Exercise directions ->
Your copy of the data should match it exactly, leaving out only the pictures.

Data block ->
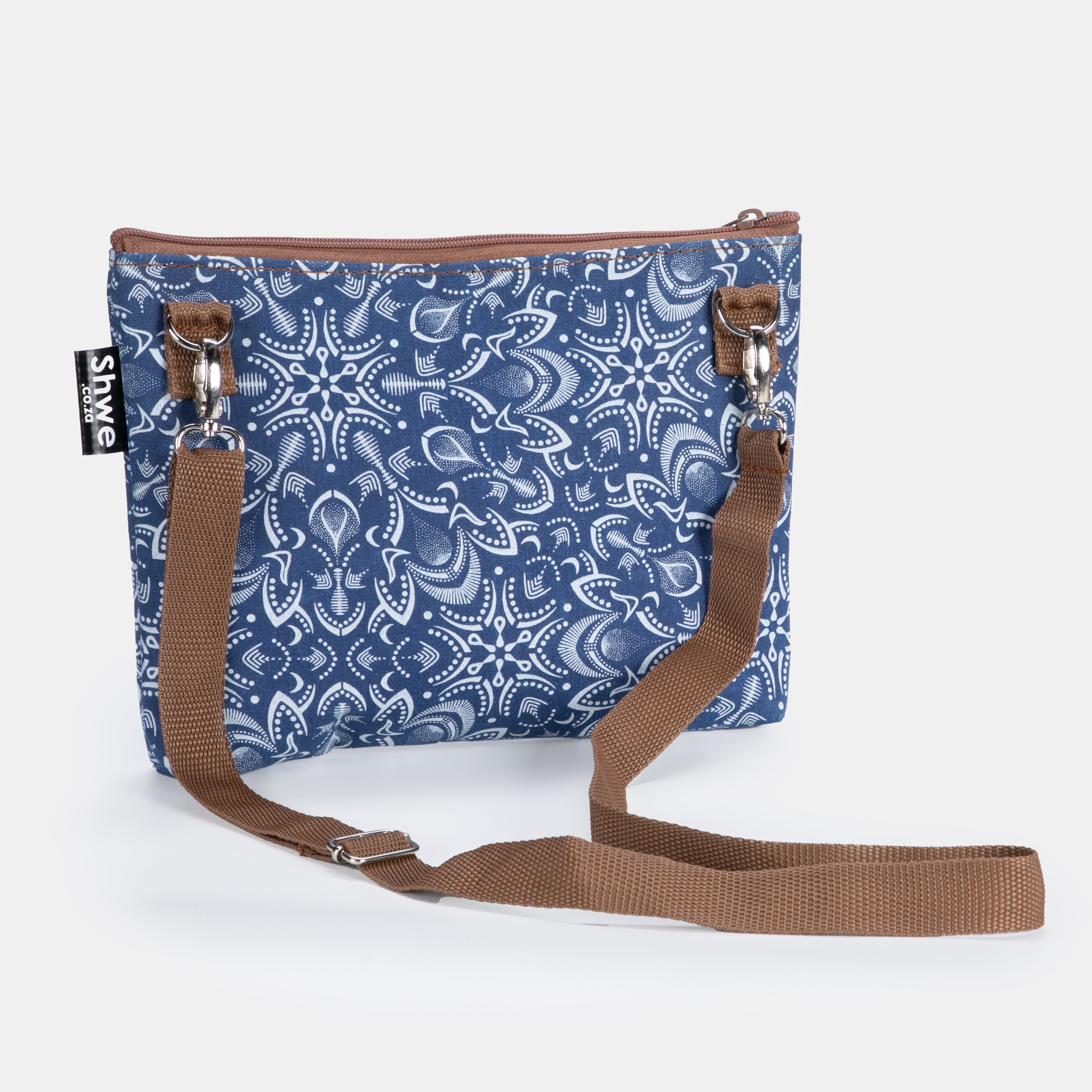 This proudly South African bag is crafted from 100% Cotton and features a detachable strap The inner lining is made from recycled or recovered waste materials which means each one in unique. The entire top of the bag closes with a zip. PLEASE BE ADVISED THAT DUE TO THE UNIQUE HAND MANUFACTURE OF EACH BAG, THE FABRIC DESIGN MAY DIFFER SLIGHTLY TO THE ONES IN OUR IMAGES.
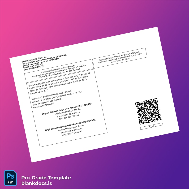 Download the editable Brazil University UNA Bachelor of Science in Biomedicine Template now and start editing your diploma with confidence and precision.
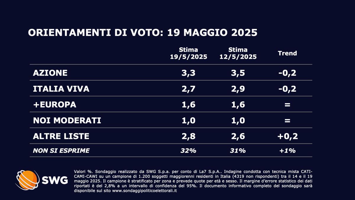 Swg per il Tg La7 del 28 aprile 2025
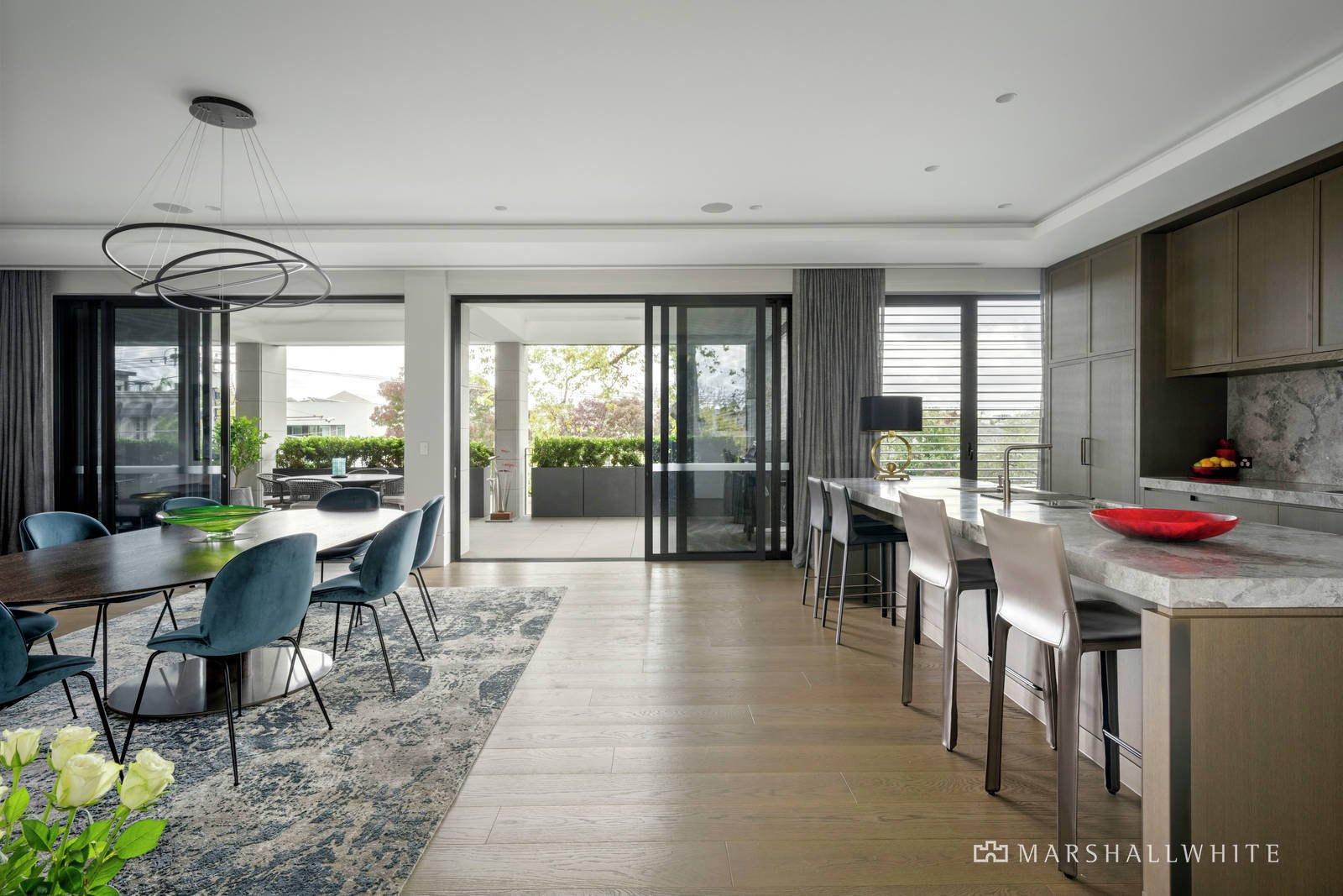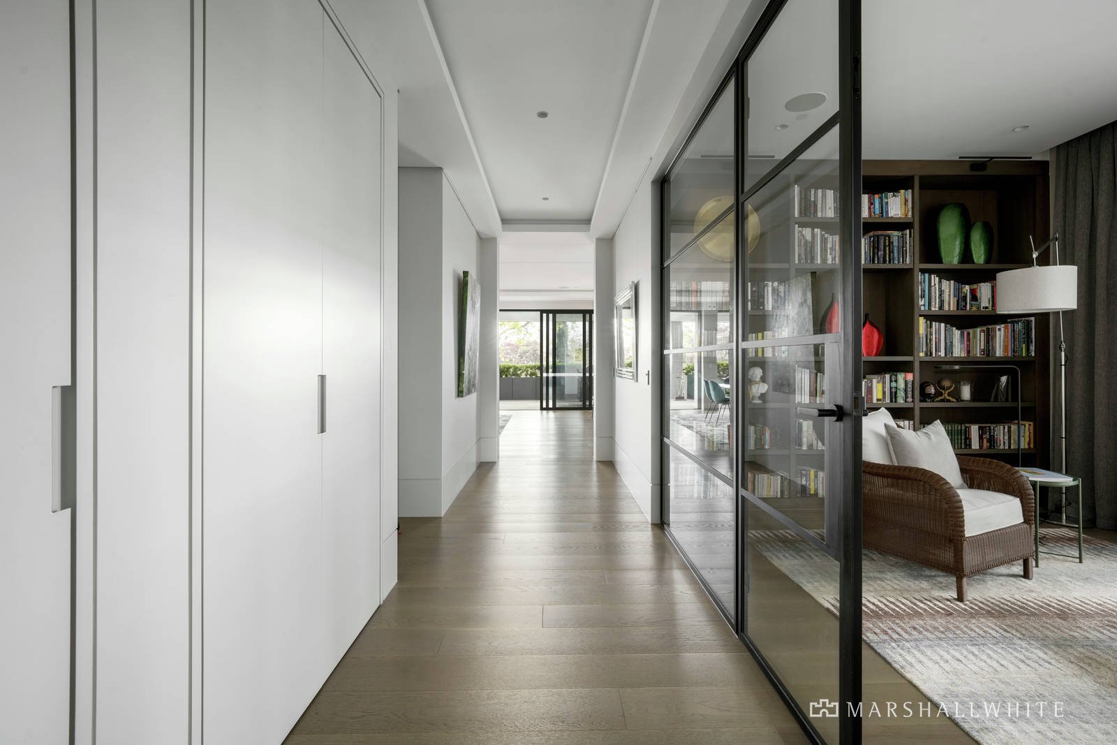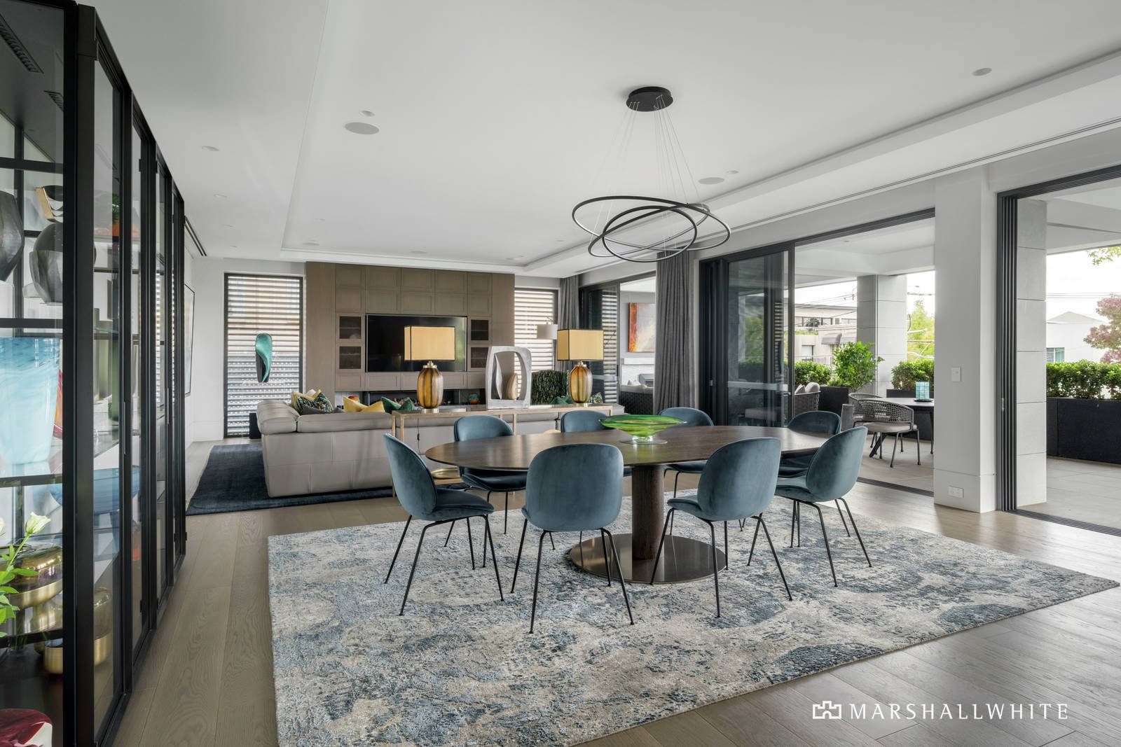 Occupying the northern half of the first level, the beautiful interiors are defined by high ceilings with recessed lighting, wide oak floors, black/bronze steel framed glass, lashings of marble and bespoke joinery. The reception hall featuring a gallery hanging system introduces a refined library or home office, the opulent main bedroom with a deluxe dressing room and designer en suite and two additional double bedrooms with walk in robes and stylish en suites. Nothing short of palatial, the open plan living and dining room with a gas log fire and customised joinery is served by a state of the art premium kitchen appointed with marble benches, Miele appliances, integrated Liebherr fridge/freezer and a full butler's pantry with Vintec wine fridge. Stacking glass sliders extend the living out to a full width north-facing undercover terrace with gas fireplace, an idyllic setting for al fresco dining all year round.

Result of the task ->
 This proudly South African bag is crafted from 100% Cotton and features a detachable strap The inner lining is made from recycled or recovered waste materials which means each one in unique. The entire top of the bag closes with a zip. PLEASE BE ADVISED THAT DUE TO THE UNIQUE HAND MANUFACTURE OF EACH BAG, THE FABRIC DESIGN MAY DIFFER SLIGHTLY TO THE ONES IN OUR IMAGES.
 Download the editable Brazil University UNA Bachelor of Science in Biomedicine Template now and start editing your diploma with confidence and precision.
 Swg per il Tg La7 del 28 aprile 2025
 Occupying the northern half of the first level, the beautiful interiors are defined by high ceilings with recessed lighting, wide oak floors, black/bronze steel framed glass, lashings of marble and bespoke joinery. The reception hall featuring a gallery hanging system introduces a refined library or home office, the opulent main bedroom with a deluxe dressing room and designer en suite and two additional double bedrooms with walk in robes and stylish en suites. Nothing short of palatial, the open plan living and dining room with a gas log fire and customised joinery is served by a state of the art premium kitchen appointed with marble benches, Miele appliances, integrated Liebherr fridge/freezer and a full butler's pantry with Vintec wine fridge. Stacking glass sliders extend the living out to a full width north-facing undercover terrace with gas fireplace, an idyllic setting for al fresco dining all year round.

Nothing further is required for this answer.